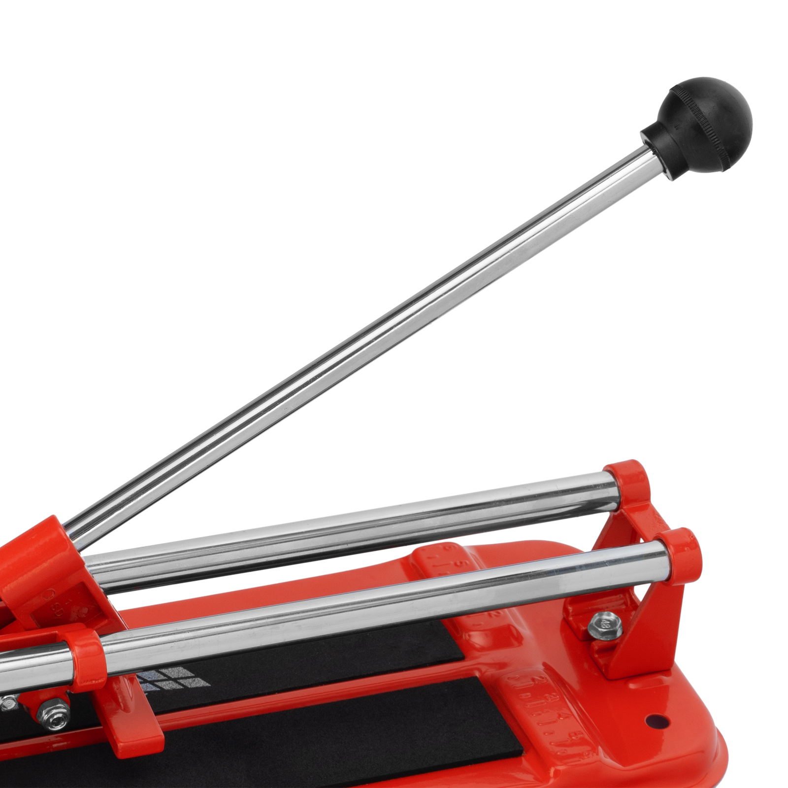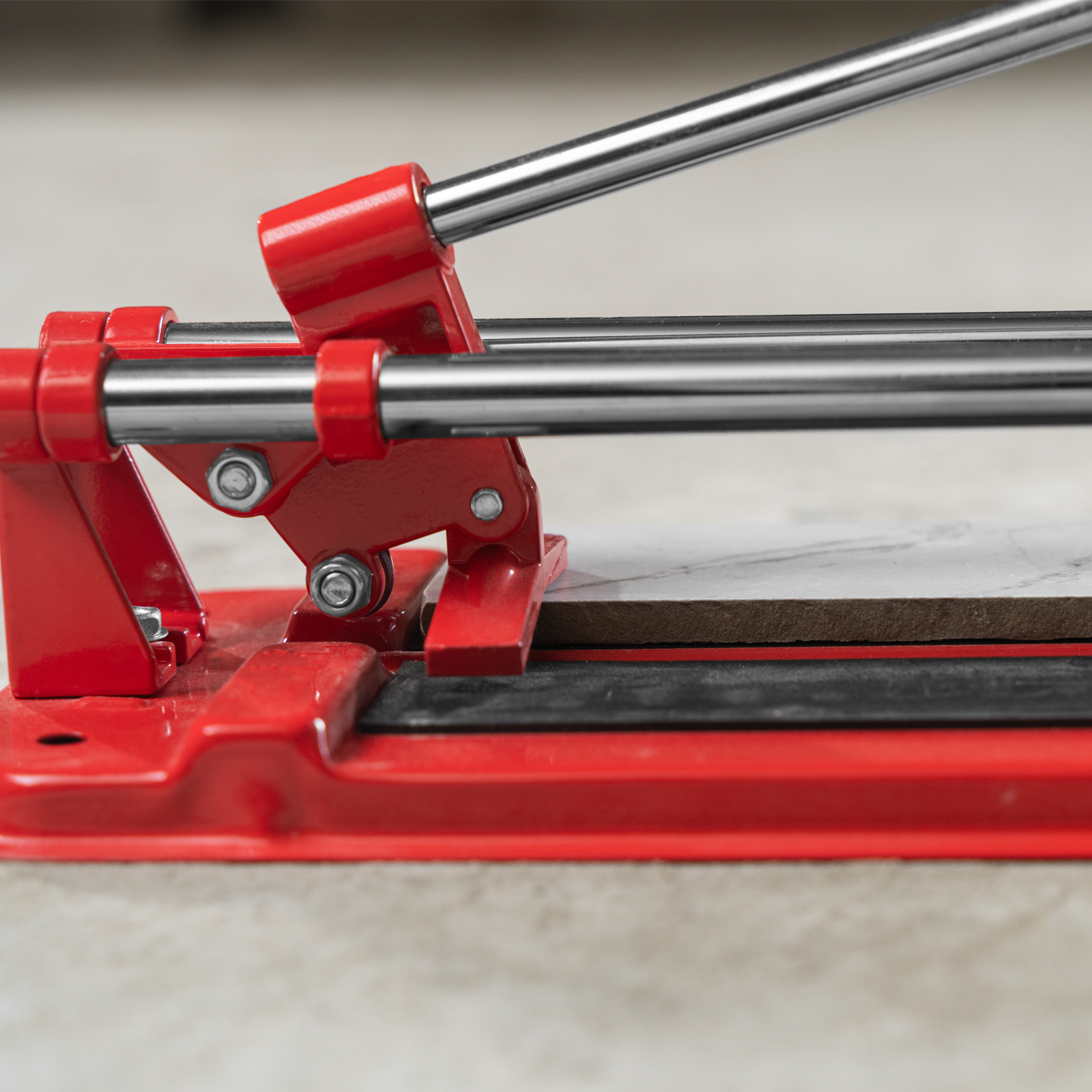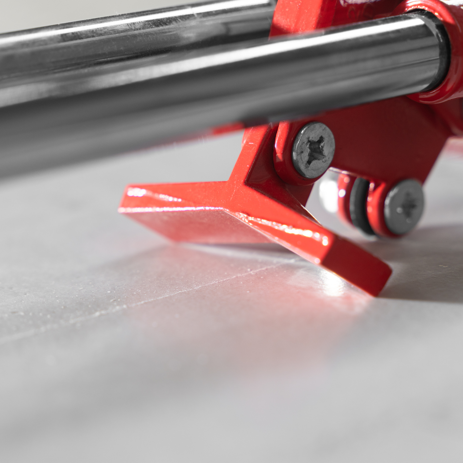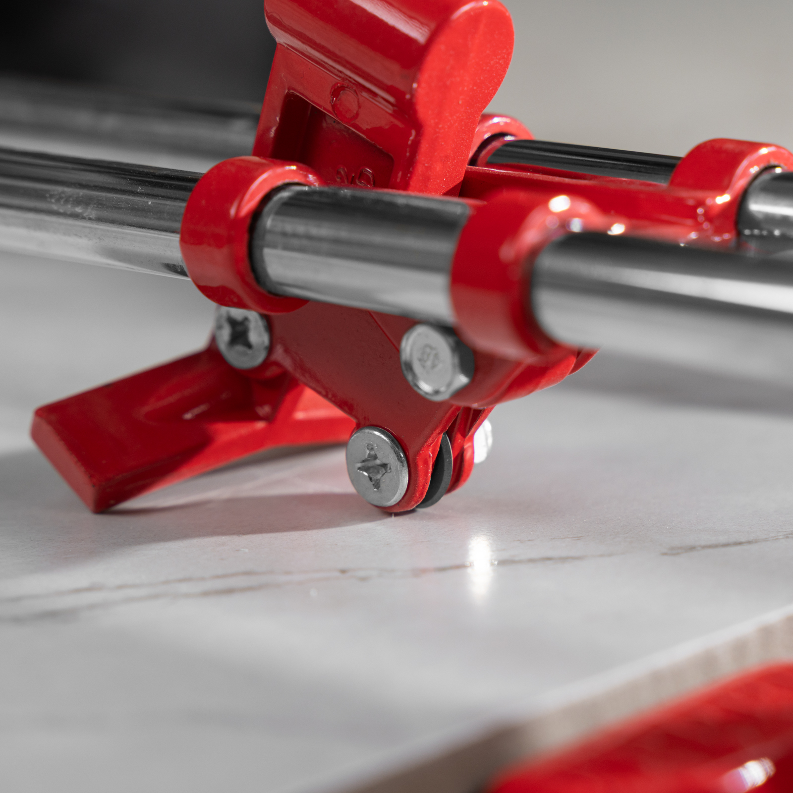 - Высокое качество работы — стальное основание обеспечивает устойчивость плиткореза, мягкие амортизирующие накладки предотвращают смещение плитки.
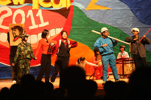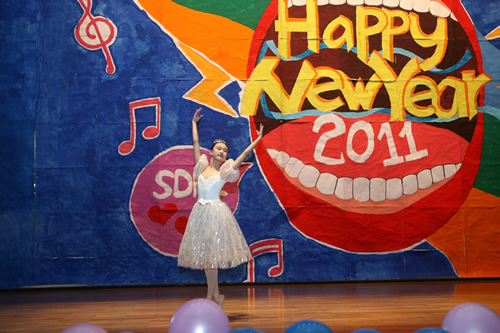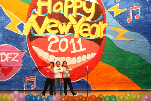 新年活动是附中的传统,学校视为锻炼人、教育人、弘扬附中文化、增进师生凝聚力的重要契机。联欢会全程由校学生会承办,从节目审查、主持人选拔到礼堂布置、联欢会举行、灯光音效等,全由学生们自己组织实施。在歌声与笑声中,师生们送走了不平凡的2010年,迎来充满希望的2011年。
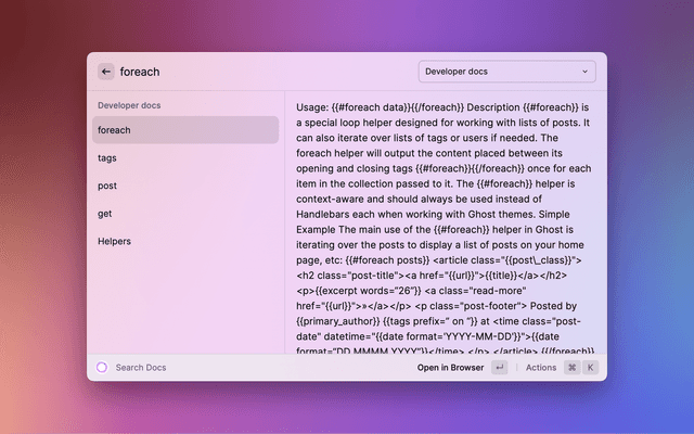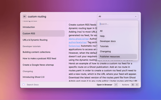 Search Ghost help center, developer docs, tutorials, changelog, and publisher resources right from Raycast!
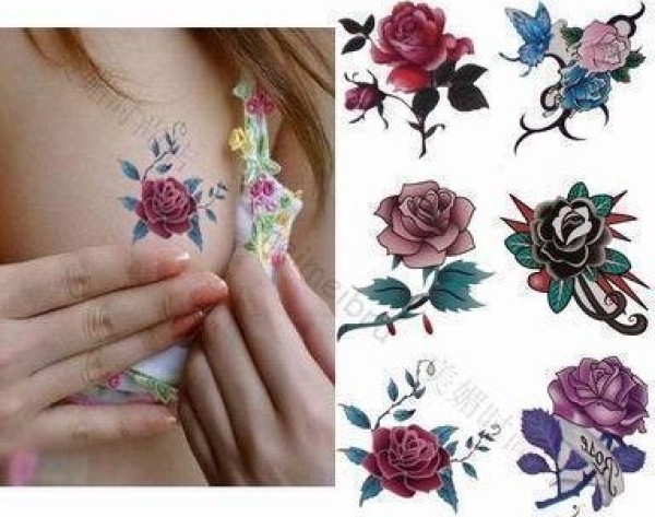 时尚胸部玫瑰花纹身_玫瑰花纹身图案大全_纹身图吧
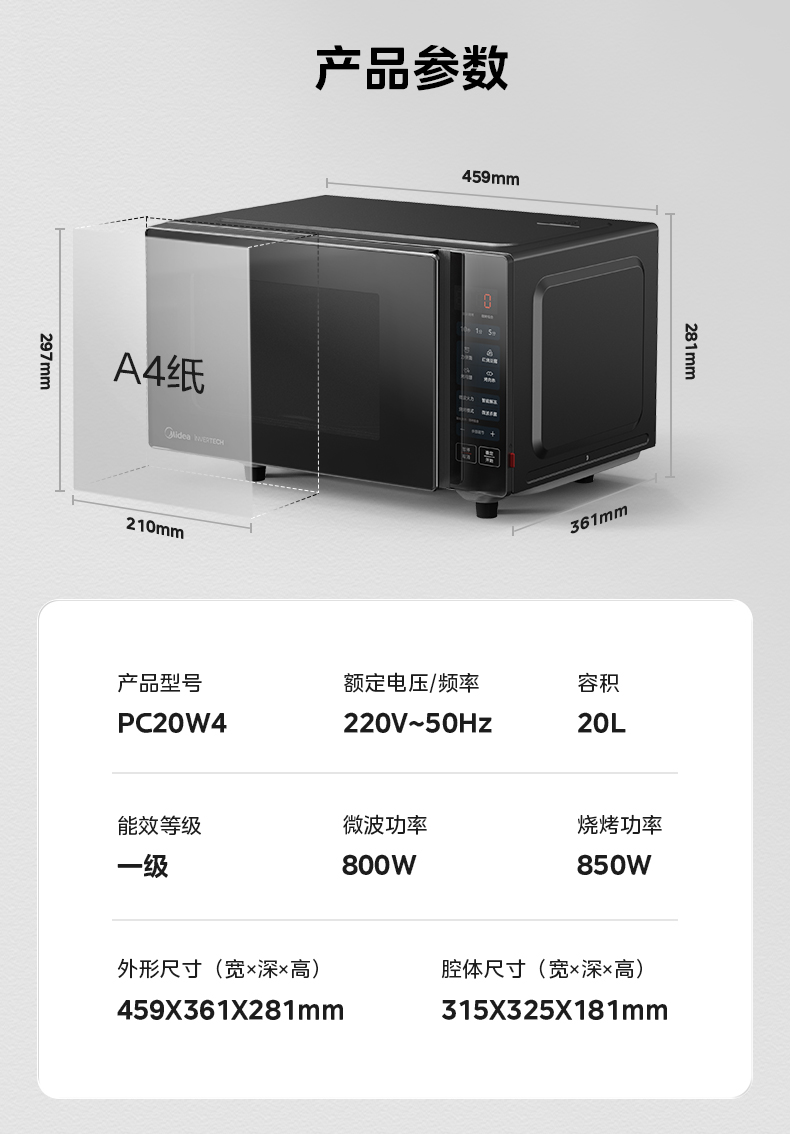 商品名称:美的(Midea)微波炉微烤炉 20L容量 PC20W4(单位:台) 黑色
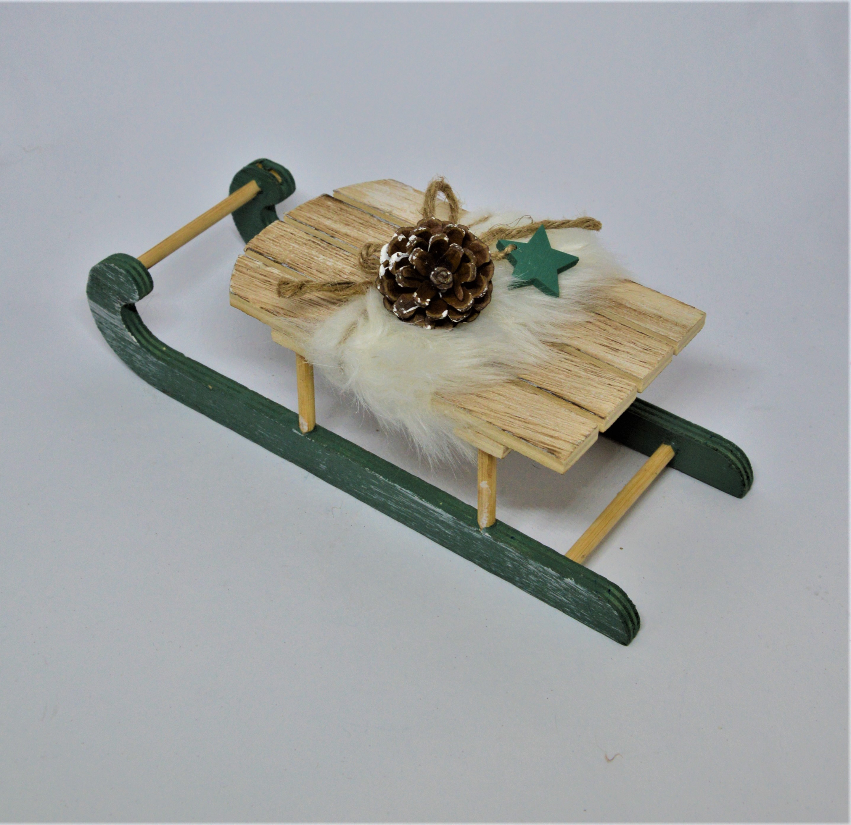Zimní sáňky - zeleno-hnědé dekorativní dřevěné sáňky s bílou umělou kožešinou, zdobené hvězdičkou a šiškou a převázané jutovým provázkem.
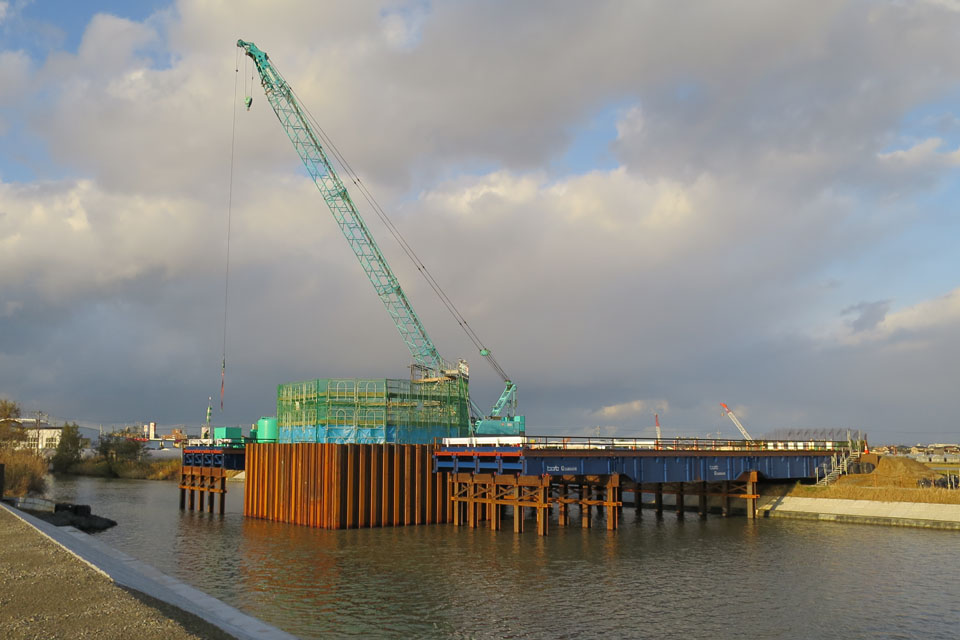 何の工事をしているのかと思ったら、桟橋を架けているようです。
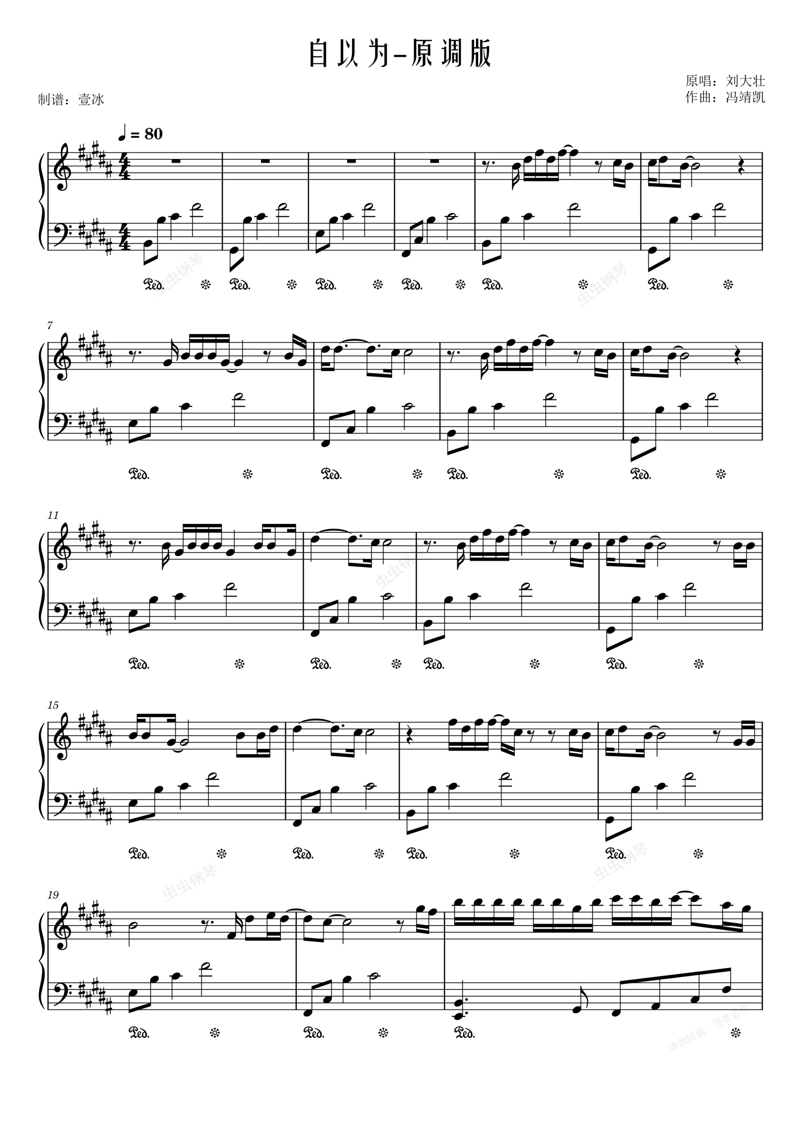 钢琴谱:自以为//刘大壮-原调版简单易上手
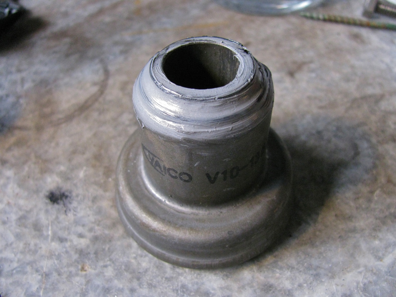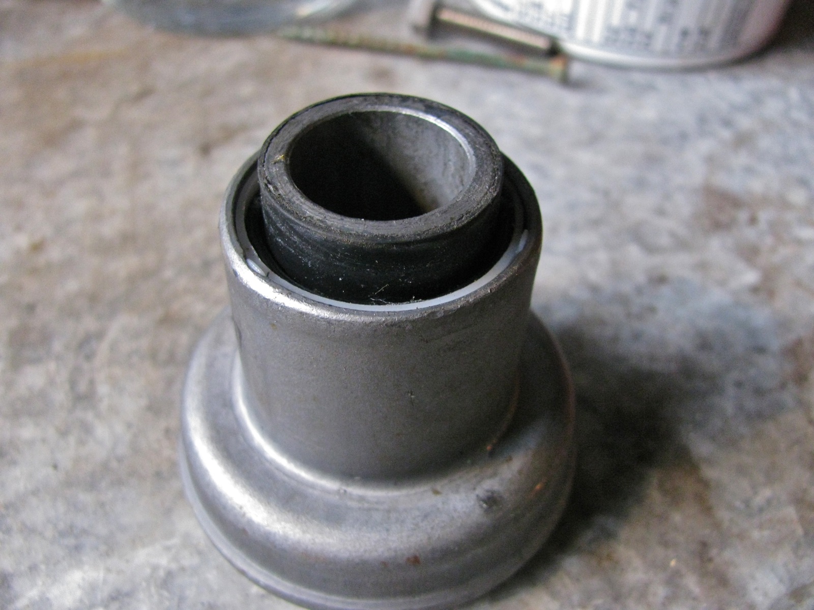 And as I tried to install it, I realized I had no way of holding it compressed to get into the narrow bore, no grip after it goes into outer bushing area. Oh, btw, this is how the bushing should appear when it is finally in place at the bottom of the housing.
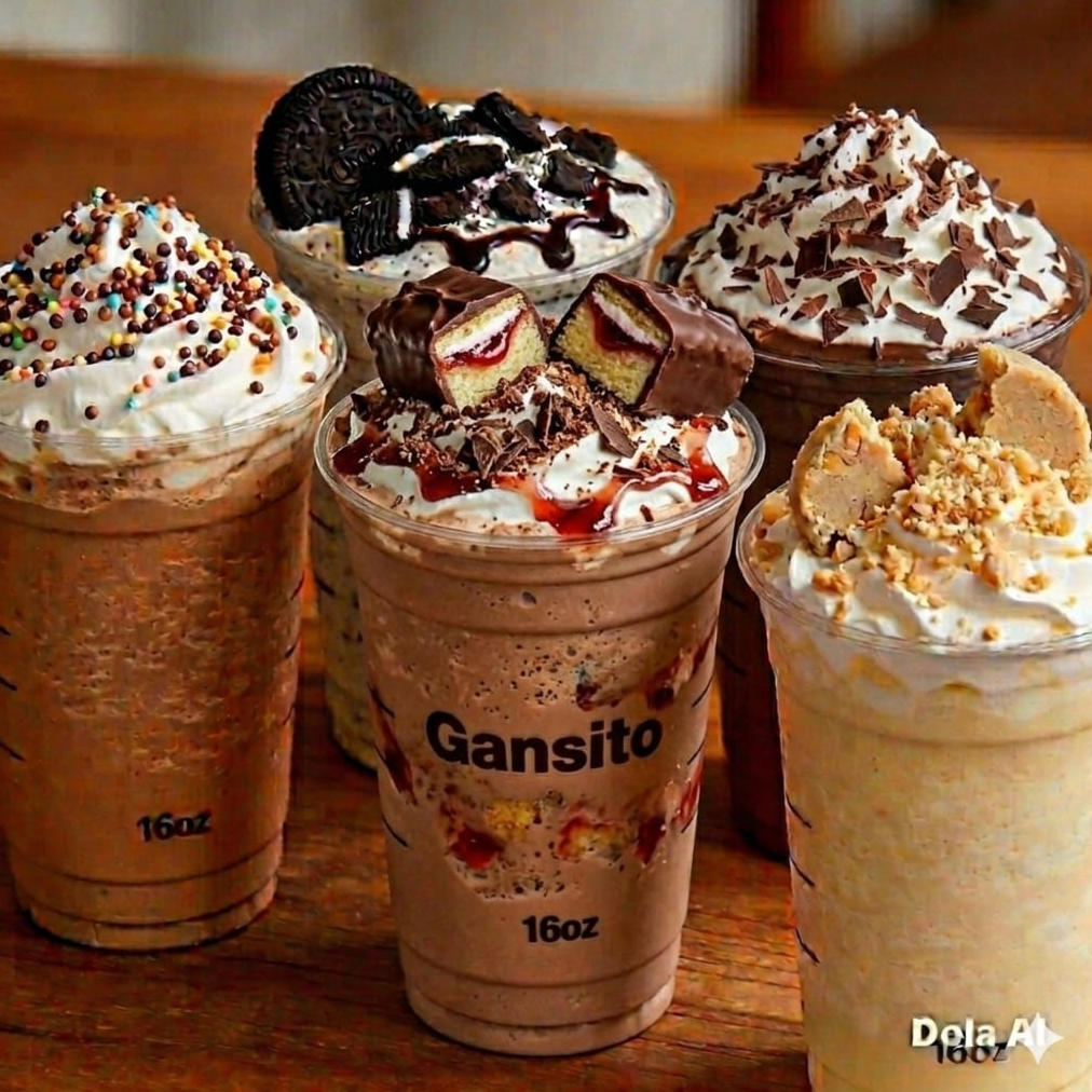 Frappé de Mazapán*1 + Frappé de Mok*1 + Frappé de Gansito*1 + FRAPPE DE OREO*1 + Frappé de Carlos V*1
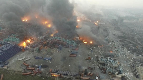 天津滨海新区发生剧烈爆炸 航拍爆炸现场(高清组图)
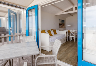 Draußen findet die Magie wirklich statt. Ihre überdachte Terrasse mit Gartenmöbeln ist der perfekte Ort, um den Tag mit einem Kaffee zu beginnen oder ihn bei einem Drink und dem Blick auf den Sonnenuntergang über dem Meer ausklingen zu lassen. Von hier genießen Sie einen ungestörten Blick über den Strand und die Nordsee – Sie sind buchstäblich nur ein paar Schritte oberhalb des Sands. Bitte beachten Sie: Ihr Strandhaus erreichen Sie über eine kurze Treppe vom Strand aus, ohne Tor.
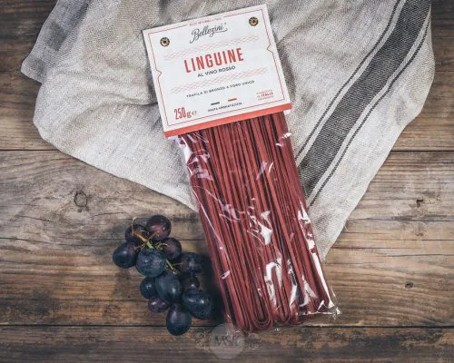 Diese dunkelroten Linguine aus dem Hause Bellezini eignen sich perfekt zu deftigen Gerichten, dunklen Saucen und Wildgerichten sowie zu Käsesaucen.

......

→ Problem
Quote, please, every line of the material above from its start through the line that has "Draußen findet die", reproducing the words exactly and dropping any images.

→ Answer for the task
 - Высокое качество работы — стальное основание обеспечивает устойчивость плиткореза, мягкие амортизирующие накладки предотвращают смещение плитки.
 新年活动是附中的传统,学校视为锻炼人、教育人、弘扬附中文化、增进师生凝聚力的重要契机。联欢会全程由校学生会承办,从节目审查、主持人选拔到礼堂布置、联欢会举行、灯光音效等,全由学生们自己组织实施。在歌声与笑声中,师生们送走了不平凡的2010年,迎来充满希望的2011年。
 Search Ghost help center, developer docs, tutorials, changelog, and publisher resources right from Raycast!
 时尚胸部玫瑰花纹身_玫瑰花纹身图案大全_纹身图吧
 商品名称:美的(Midea)微波炉微烤炉 20L容量 PC20W4(单位:台) 黑色
Zimní sáňky - zeleno-hnědé dekorativní dřevěné sáňky s bílou umělou kožešinou, zdobené hvězdičkou a šiškou a převázané jutovým provázkem.
 何の工事をしているのかと思ったら、桟橋を架けているようです。
 钢琴谱:自以为//刘大壮-原调版简单易上手
 And as I tried to install it, I realized I had no way of holding it compressed to get into the narrow bore, no grip after it goes into outer bushing area. Oh, btw, this is how the bushing should appear when it is finally in place at the bottom of the housing.
 Frappé de Mazapán*1 + Frappé de Mok*1 + Frappé de Gansito*1 + FRAPPE DE OREO*1 + Frappé de Carlos V*1
 天津滨海新区发生剧烈爆炸 航拍爆炸现场(高清组图)
 Draußen findet die Magie wirklich statt. Ihre überdachte Terrasse mit Gartenmöbeln ist der perfekte Ort, um den Tag mit einem Kaffee zu beginnen oder ihn bei einem Drink und dem Blick auf den Sonnenuntergang über dem Meer ausklingen zu lassen. Von hier genießen Sie einen ungestörten Blick über den Strand und die Nordsee – Sie sind buchstäblich nur ein paar Schritte oberhalb des Sands. Bitte beachten Sie: Ihr Strandhaus erreichen Sie über eine kurze Treppe vom Strand aus, ohne Tor.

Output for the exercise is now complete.